Masters thesis work for Kai Blumberg conducted at the MPI Bremen and University Bremen, conducted under the supervision of Dr. Pier Luigi Buttigieg.
Title: Interconnecting Arctic observatory data through machine-actionable knowledge representation: are ontologies fit for purpose?
Summary:
The scientific community is faced with the challenge of managing ever increasing quantities of environmental and genomic data which are often published with ambiguous or unstated relationships between data types. Ontologies represent expert scientific knowledge in human- and machine-readable formats. Such expert knowledge can be used to annotate data, giving it context to be linked to other data, as well as be understood by machine agents tasked with retrieving such data.
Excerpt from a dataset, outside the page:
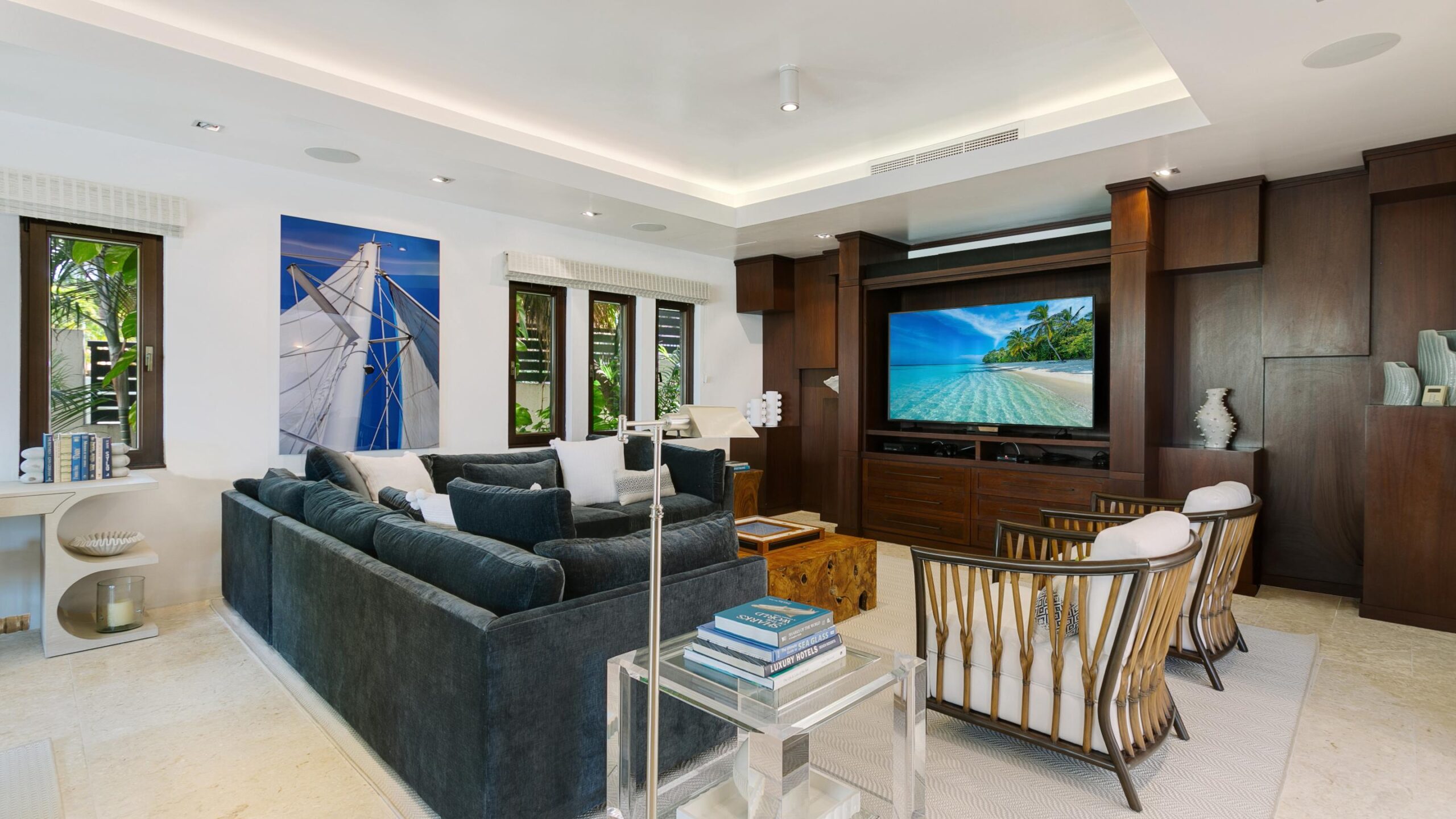 At Nevaeh, your stay includes full breakfast, three meals per day with a private chef, butler service, local transfers, house bar privileges, and your own four-seater UTV and golf carts for convenient exploration. Engage in friendly matches on the tennis/basketball court or beach volleyball, and set out to sea on kayaks and sea scooters. Relax on the beach, terrace, infinity pool, and hot tub. Indulge in fresh barbecue seafood at the al-fresco dining area. Immerse in stargazing from the hot tub or set the ambiance with the Sonos sound system. For indoor entertainment, explore the home theater or high-tech golf simulator. Ocean terrace gazebo massages or yoga sessions can be arranged.

Coming are massive quantities of interdisciplinary environmental and genomic data which left unmanaged, will likely lack the capacity to be analyzed in combination. Here I address questions about what can be done to prepare such interdisciplinary data to be interconnected using ontologies to in order to facilitate future computer-automated processing of such data. In this work I demonstrate that ontologies can be used to perform a variety of tasks related to the interconnection of information data and knowledge, I demonstrate how environmental and genomic ontology knowledge can be used to interconnect and analyze environmentally-annotated genomic data. I also analyze how ontologies can be used to facilitate the discovery and retrieval information and data about a phenomenon of interest. Additionally, I show that ontologies can be used to track the provenance of information and knowledge such as authors contributing to ontology terms. Furthermore, I show that uniform and repetitive annotation patterns can aid in the mobilization of data annotated with ontology terms. Finally, in terms of limitations, I show that more knowledge is required to be input into an example polar knowledge ontology in order for that ontology to be better able to lead researchers to new information based on input information. Overall my results indicate that ontologies are fit for the purpose of annotating and interconnecting interdisciplinary data. A potential scope for future work could involve interfacing the environmental and genomic ontologies with future environmental sensor networks, allowing for sensor outputs to directly answer questions relevant to the field of marine microbiology.